We show that the proposed schemes strongly outperform JSQ(d) strategies with comparable communication overhead per job, and can achieve a vanishing waiting time in the many-server limit with just one message per job, just like the popular JIQ scheme. The proposed schemes are particularly geared however towards the sparse feedback regime with less than one message per job, where they outperform corresponding sparsified JIQ versions.

We investigate fluid limits for synchronous updates as well as asynchronous exponential update intervals. The fixed point of the fluid limit is identified in the latter case, and used to derive the queue length distribution. We also demonstrate that in the ultra-low feedback regime the mean stationary waiting time tends to a constant in the synchronous case, but grows without bound in the asynchronous case.

### Two Extensions of Kingman's GI/G/1 Bound

• Florin Ciucu
• Felix Poloczek

A simple bound in GI/G/1 queues was obtained by Kingman using a discrete martingale transform.
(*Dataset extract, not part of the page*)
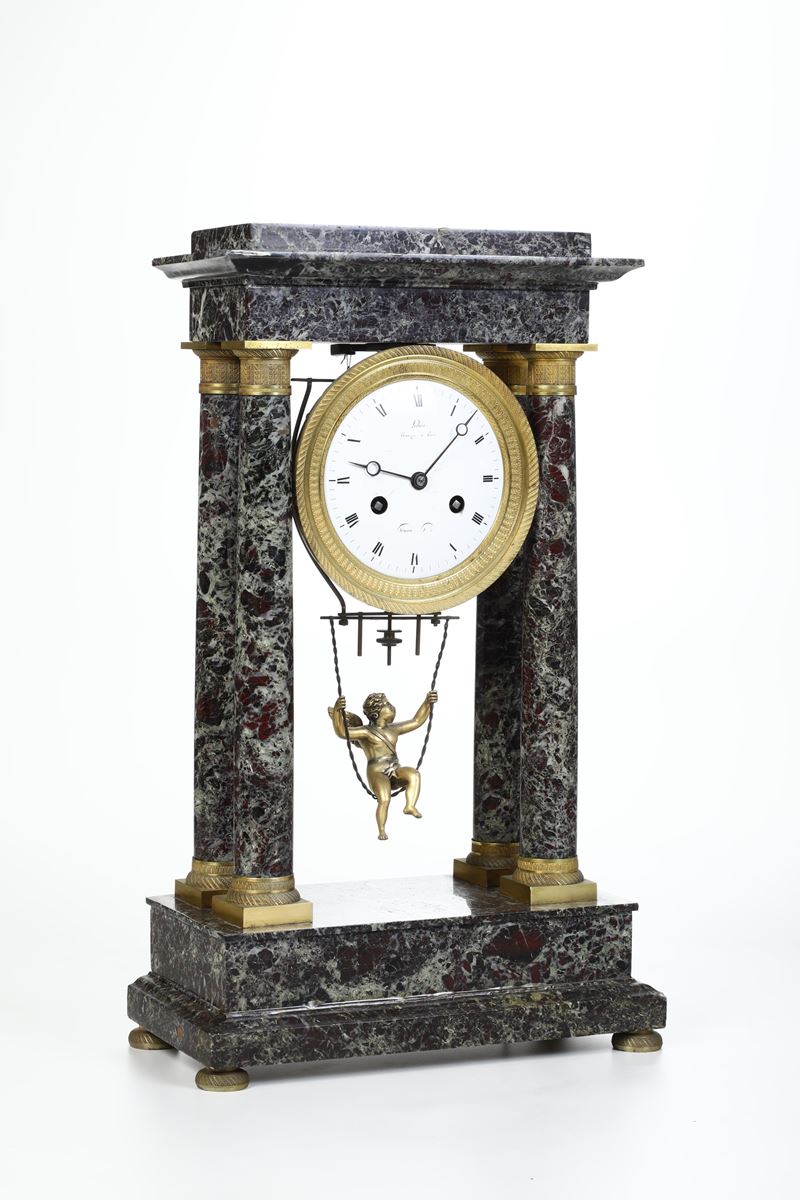 Montanti a colonna con basi e capitelli in bronzo dorato, cassa tonda in bronzo dorati con quadrante in smalto con numeri arabi firmata "Ledure - Bronziere a Paris". Appeso sotto amorino in bronzo dorato su un'altalena

We extend this technique to 1) multiclass ΣGI/G/1 queues and 2) Markov Additive Processes (MAPs) whose background processes can be time-inhomogeneous or have an uncountable state-space. Both extensions are facilitated by a necessary and sufficient ordinary differential equation (ODE) condition for MAPs to admit continuous martingale transforms. Simulations show that the bounds on waiting time distributions are almost exact in heavy-traffic, including the cases of 1) heterogeneous input, e.g., mixing Weibull and Erlang-k classes and 2) Generalized Markovian Arrival Processes, a new class extending the Batch Markovian Arrival Processes to continuous batch sizes.

### Queue and Loss Distributions in Finite-Buffer Queues

• Florin Ciucu
• Felix Poloczek
• Amr Rizk

We derive simple bounds on the queue distribution in finite-buffer queues with Markovian arrivals. The bounds capture a truncated exponential behavior, involving joint horizontal and vertical shifts of an exponential function; this is fundamentally different than existing results capturing horizontal shifts only. We also obtain similar bounds on the loss distribution, which is a key metric to understand the impact of finite-buffer queues on real-time applications. Simulations show that the bounds are accurate in heavy-traffic regimes, and improve existing ones by orders of magnitude.

• Jiaming Xu
• Yuan Zhong

### Computationally Efficient Estimation of the Spectral Gap of a Markov Chain

• Richard Combes
• Mikael Touati

We consider the problem of estimating from sample paths the absolute spectral gap 1-λ⋆ of a reversible, irreducible and aperiodic Markov chain (Xt)t∈N over a finite state space Ω. We propose the UCPI (Upper Confidence Power Iteration) algorithm for this problem, a low-complexity algorithm which estimates the spectral gap in time O(n) and memory space O((ln n)2 given n samples. This is in stark contrast with most known methods which require at least memory space O(|Ω|), so that they cannot be applied to large state spaces. Furthermore, UCPI is amenable to parallel implementation.